Senior Cloud Infrastructure Engineer, Security

The Senior Cloud Infrastructure Engineer, Security serves as a critical member of the Security Vulnerability Management team, designing and assisting in the implementation of highly secure cloud environments. They champion security best practices, proactively identify and mitigate risks, vulnerabilities, security related misconfigurations and help guide the organization in aligning security with business goals. This role collaborates extensively with various teams, assists in incident response, and mentors others to elevate the organization's overall security posture.

You can work remotely for this opportunity.

Role:

• Work with SRE teams to design, implement, and maintain highly secure cloud and application infrastructure, emphasizing network segmentation, access controls, encryption, monitoring, vulnerability and patch management, among others.
• Advocate for security best practices and proactive threat mitigation throughout the organization.
• Develop and maintain cloud security standards, leveraging industry frameworks (NIST, CIS, etc.) and cloud provider recommendations.
• Evaluate designs and architectures for potential vulnerabilities, proposing risk mitigation measures.
• Ensure seamless integration of cloud security solutions across cloud and on-premise infrastructure.
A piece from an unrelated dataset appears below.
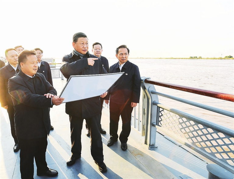习近平听取了黄河三角洲国家级自然保护区情况汇报,沿木栈道察看黄河三角洲湿地生态环境。他指出,党的十八大以来,各级党委和政府贯彻绿色发展理念的自觉性和主动性明显增强,一体推进山水林田湖草沙保护和治理力度不断加大,我国生态文明建设成绩斐然。黄河三角洲自然保护区生态地位十分重要,要抓紧谋划创建黄河口国家公园,科学论证、扎实推进。习近平强调,在实现第二个百年奋斗目标新征程上,要坚持生态优先、绿色发展,把生态文明理念发扬光大,为社会主义现代化建设增光增色。

What will make you successful:

• You have built strong relationships within SRE teams, enabling you to effectively champion security initiatives and drive organizational change. 
• You have achieved a deep level of understanding across all aspects of Lightspeed’s complex cloud environments.
• You are able to own and drive complex cloud security projects from concept to completion, working with and engaging stakeholders across the organization as necessary.
• Overall reduction in organizational risk due to improved cloud architecture, controls, and remediated vulnerabilities and risk assessments.

Experience:

• 7+ years of deep hands-on experience designing, implementing, and managing security within large-scale cloud environments (AWS, GCP, Azure, etc.).
• Bachelor's degree or equivalent experience in computer science, cybersecurity, network engineering, or a similar field.
• Significant experience aligning systems with regulations (PCI DSS, SOC2, etc.) and conducting risk assessments.
• AWS Certified Security Specialty, Azure Security Engineer, Google Cloud Certified Professional Security Engineer, or equivalent. 
• Demonstrated ability to lead cross-functional initiatives.
• Conduct regular risk and vulnerability assessments of cloud infrastructure, applications, and data.
• Identify, prioritize, and triage vulnerabilities based on severity and potential impact.
• Work closely with cloud architects, engineers, developers, and operations teams to provide guidance and recommendations for improving security posture based on vulnerability assessment findings.
• Participate in incident response, and assist in remediation efforts.
• Research, assess, and select security tools and technologies best suited for the organization's vulnerability management program.
• Partner/mentor fellow security team members, fostering expertise across multiple cloud environments (AWS, GCP, Azure).
• Identify and work to develop automation to detect, alert and protect against malicious activities.
• Generate reports and metrics to track vulnerability trends, remediation progress, and compliance with security standards.

And a little bit of.... 

• On-call availability for incident response.
• Contributing as part of the wider team to achieve organizational objectives even if this means doing things that aren’t strictly within the scope of your role.

What do you need to succeed here?

• Experience with Application Vulnerability Management, SAST, and DAST.
• Experience with Vulnerability Management tools such as Rapid7 InsightAppSec,  Snyk, Github, Crowdstrike Falcon Cloud and Endpoint Security. 
• Expert-level understanding of cloud technologies (AWS, Azure, GCP, etc.) and security principles.
• Extensive knowledge of security principles, access controls (IAM), network security, encryption, vulnerability management, threat modelling, and incident response.
• Expertise in designing and implementing cloud security architectures.
• Expertise in security frameworks, regulations, and compliance requirements.
• Strong analytical and problem-solving skills.
• Excellent communication and leadership abilities.
• Excels in cross-functional collaboration.
• Ability to adapt to a complex and ever-changing environment.